First Steps with RL on Linux
The following tutorial assumes the Ubuntu build of the Robotics Library has been set up. Other linux builds are fairly similar, except for some paths that may be different. Even though the Robotics Library API is identical for Windows, the command line and the build process behave differently, and therefore the steps in the tutorials will vary.
Prerequisites
Follow the Ubuntu Installation and add the Launchpad repository to your list of subscribed repositories, install the latest version within your package manager. If Ubuntu is not installed, we recommend setting up a virtual machine for trying out RL and following these tutorials.

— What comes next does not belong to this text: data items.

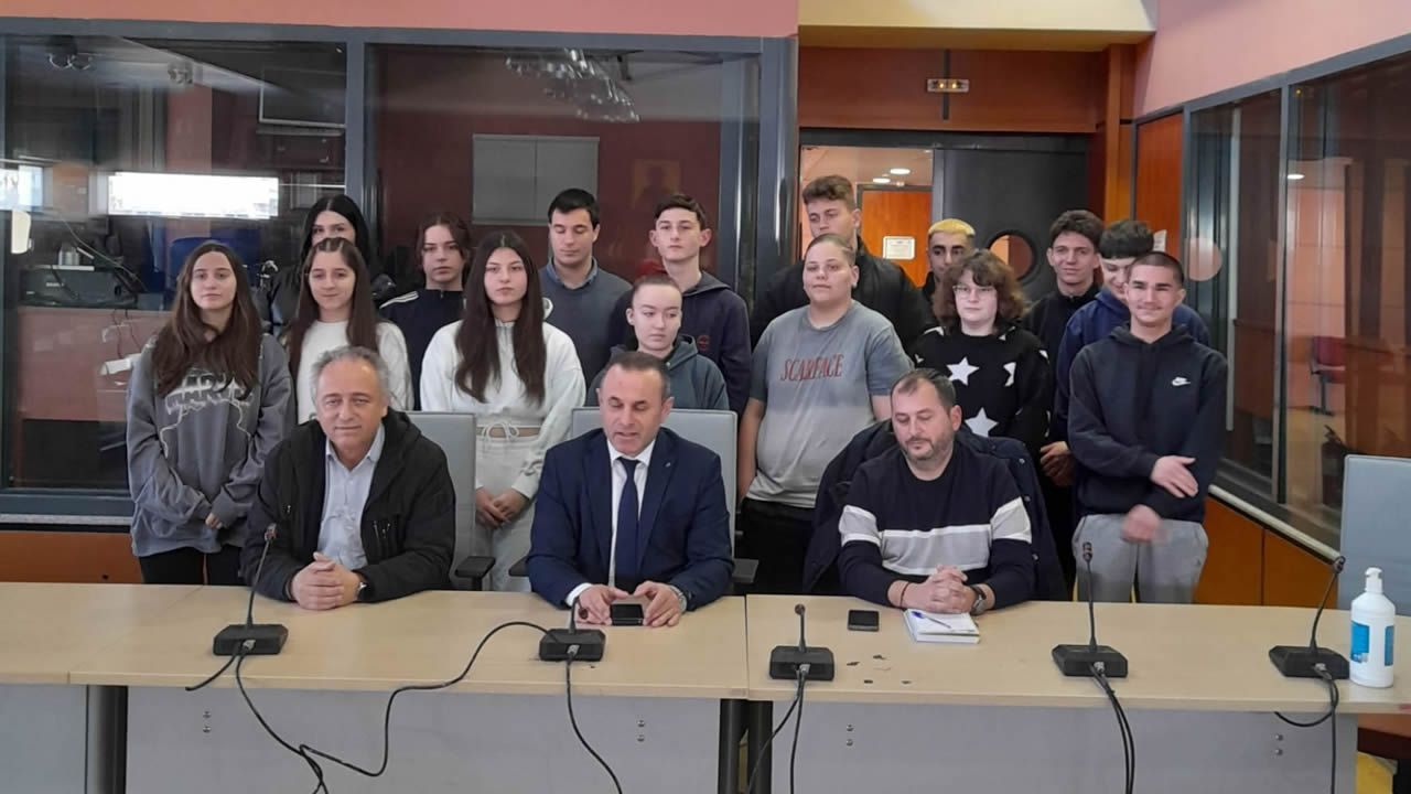 Αντιπροσωπεία μαθητών και καθηγητών του 1ου ΕΠΑΛ Δράμας στο πλαίσιο προώθησης της Εικονικής Επιχείρησης “Smart Electronic Bin” και της αναζήτησης υποστηρικτών και διάχυσης του έργου της με κύριο προϊόν τον Sebastian, φιλοξενήθηκαν στην αίθουσα συνεδριάσεων του Δημοτικού Συμβουλίου Δράμας και ενημέρωσαν το Δήμαρχο Δράμας κ. Γιώργο Παπαδόπουλο.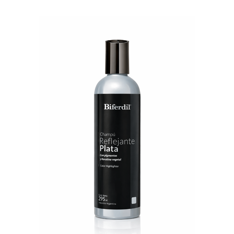 Champu Reflejante Plata con pigmentos y keratina vegetal. Ayuda a combatir la oxidacion del color en los cabellos blancos o grises , neutralizando las tonalidades amarillas indeseadas.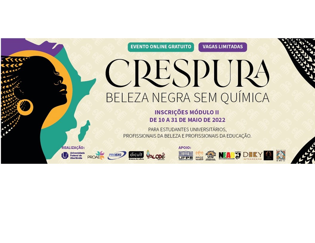O Coletivo Yalodê Geplafro (COLETIVO DE ESTUDO E PESQUISA EM POÉTICAS AFROLATINOAMERICANAS E EDUCAÇÃO PARA AS RELAÇÕES ÉTNICO-RACIAIS), com apoio da Universidade Federal de Uberlândia (UFU), do Instituto de Química (IQUFU) e da Pró-reitoria de extensão e Cultura (Proex), abrem vagas para participação no curso virtual CRESPURA/2022.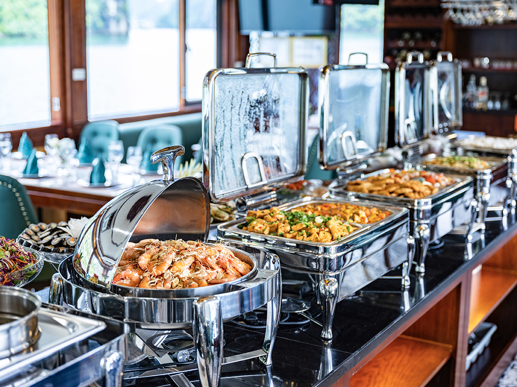 - Bữa ăn trưa buffet cao cấp trên tàu.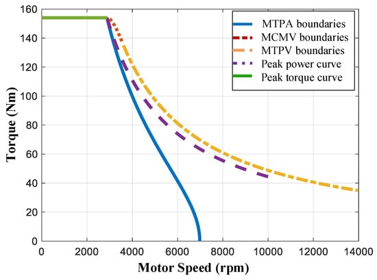 To analyze the influence of different current control strategies on the motor speed–torque characteristics, the external characteristics under different strategies are obtained, as shown in Figure 5.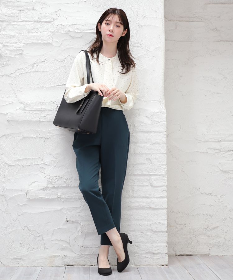 甘すぎないカラーなので、大人の女性のオフィスカジュアルコーデとの相性もよさそうです。スーツスタイルにも似合いそうなバッグです。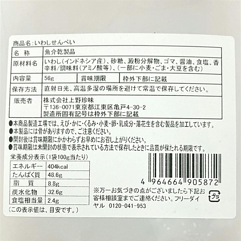いわし(インドネシア産又はミャンマー産又はベトナム産)、砂糖、澱粉分解物、ゴマ、醤油、食塩、香辛料/調味料(アミノ酸等)、(一部に小麦・ごまを含む)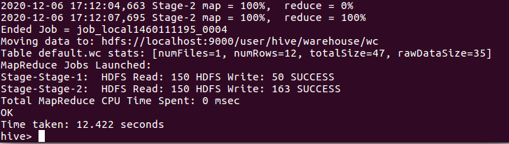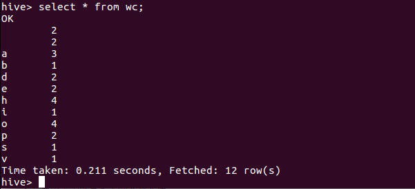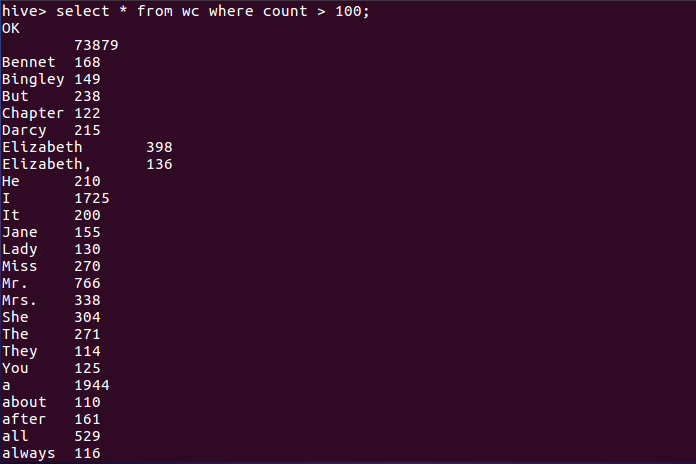 5.hql语句进行词频统计交将结果保存到结果表中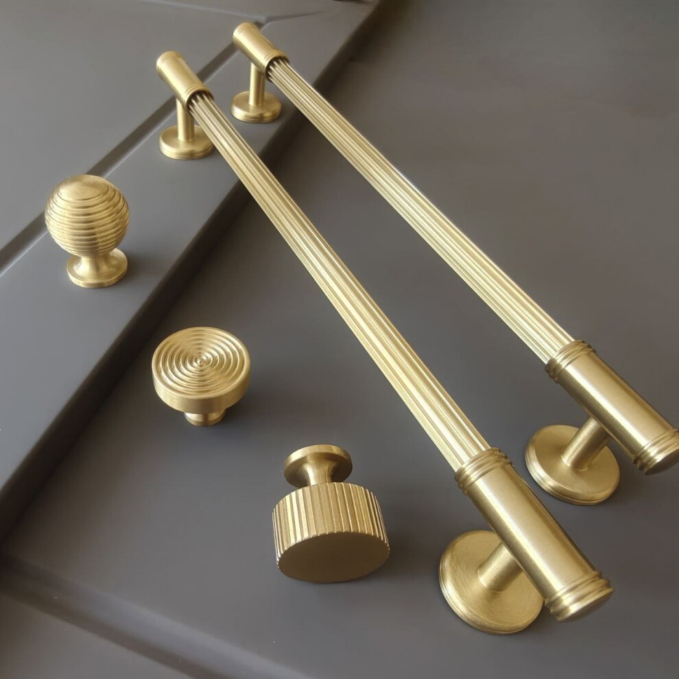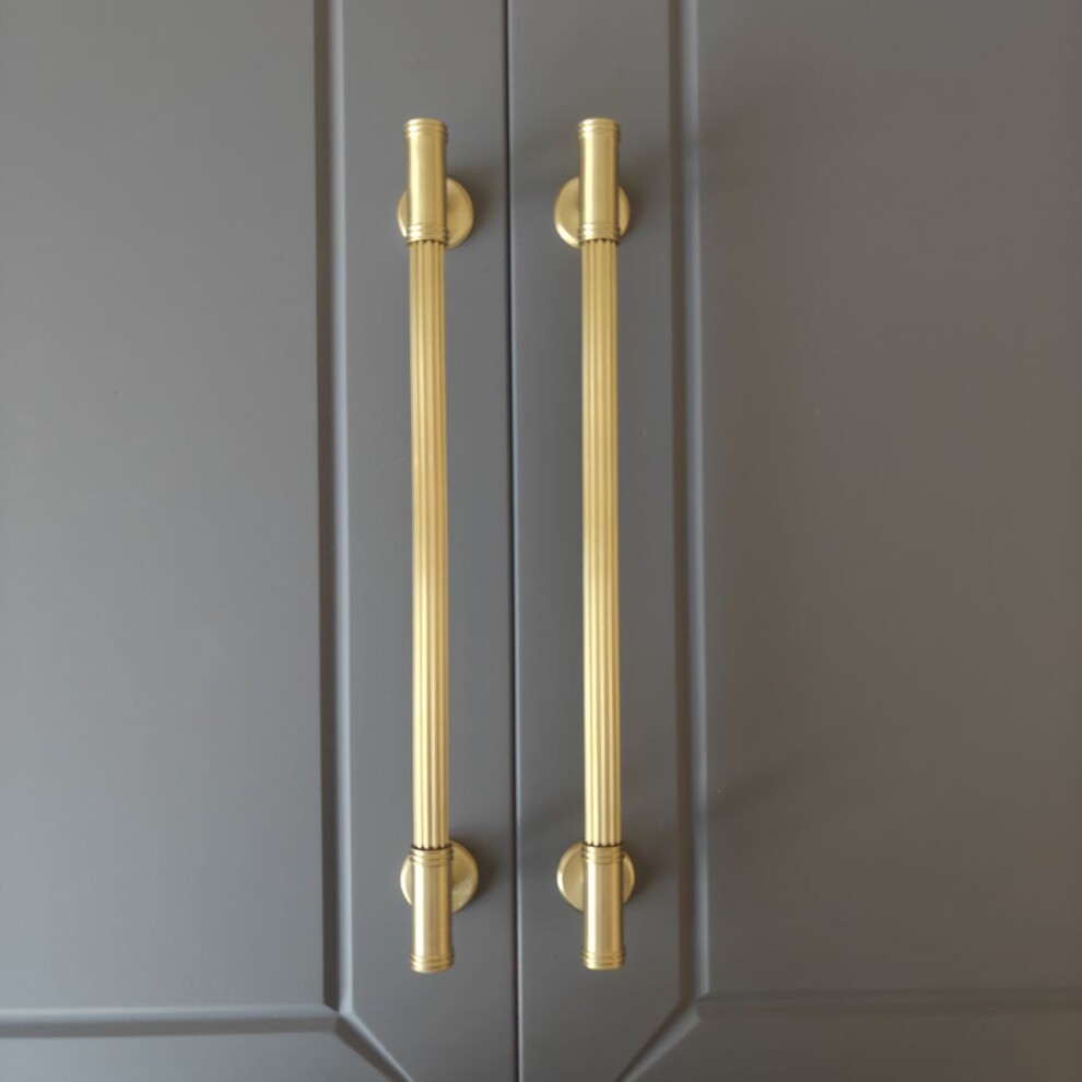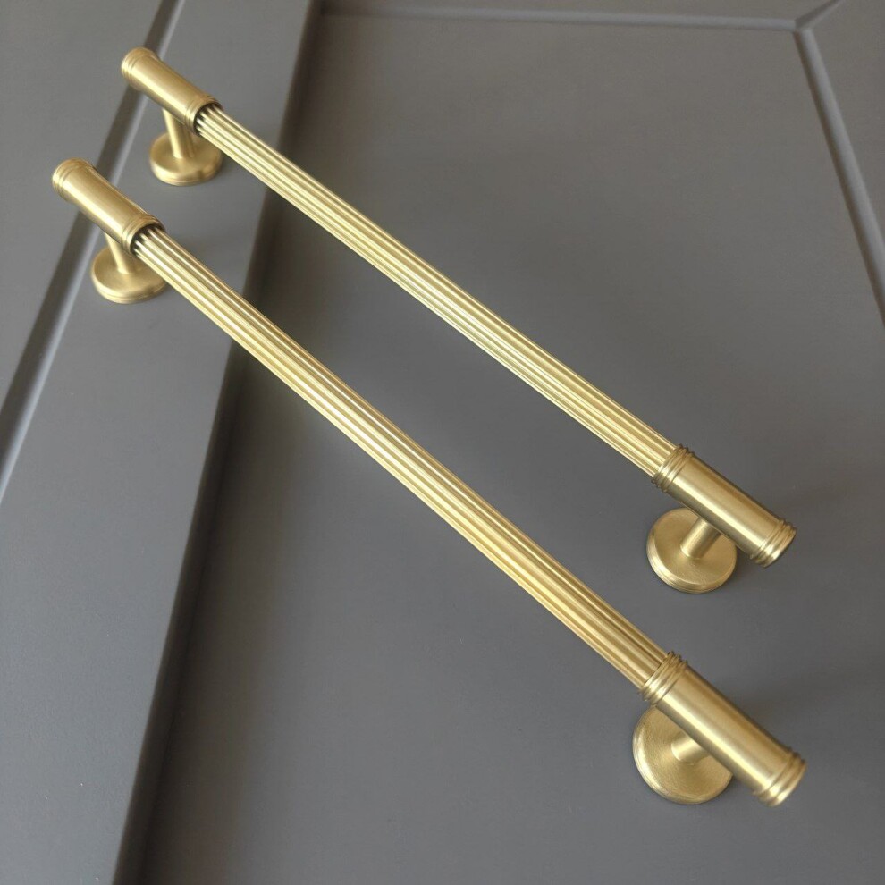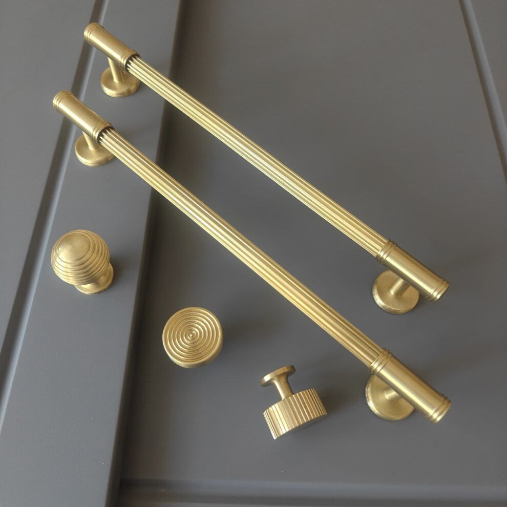Ручка скоба в матовой латуни, сочетание гладких и рельефных элементов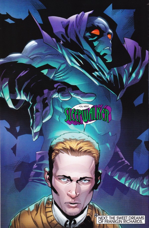 Last week Bleedingcool broke the Sleepwalker story. At the end (the last page) of the most recent Fantastic Four Issue (#642) – this appears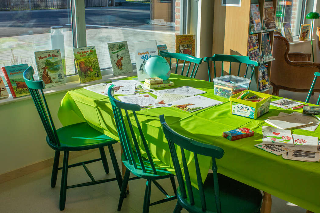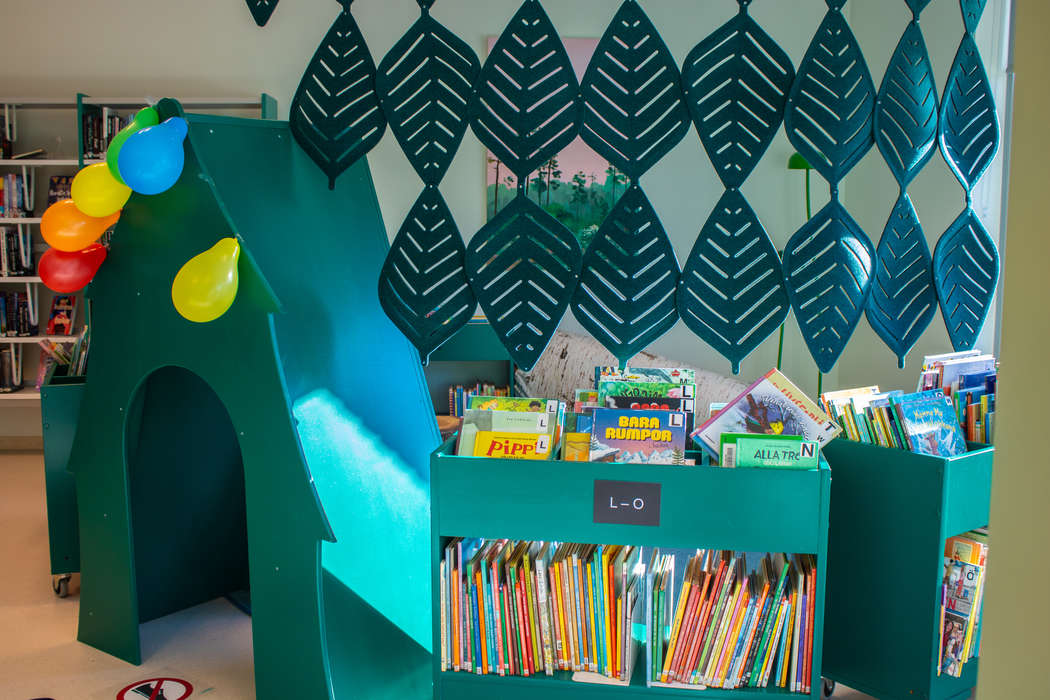 I de nya lokalerna har barnen fått en egen plats. Här finns bilderböcker samlade, mjuka mattor för små barn att krypa på och en portal i form av en gran som leder in till skogen.

Pre-installed examples and robot model files
Open a terminal and navigate to /usr/share/rl-0.7.0
. In this directory, you find several subdirectories with robot and scenario models. You can find all the example models in the source tree in the folder examples
.
rlViewDemo
Our first example program is rlViewDemo
. You may for instance run
/usr/bin/rlViewDemo /usr/share/rl-0.7.0/examples/rlsg/unimation-puma560_boxes.xml
rlViewDemo
is a very simple program that opens a static graphical scene and shows it using the SoQt Examiner Viewer. The scene is defined by rlsg/unimation-puma560_boxes.xml
, which follows the RL scene graph format. It only adds names (links 0 to 10) to the 11 rigid bodies of the robot and to the two models, the robot and the environment. The actual scene with its triangles and colors is defined by VRML files, which are linked by the XML file.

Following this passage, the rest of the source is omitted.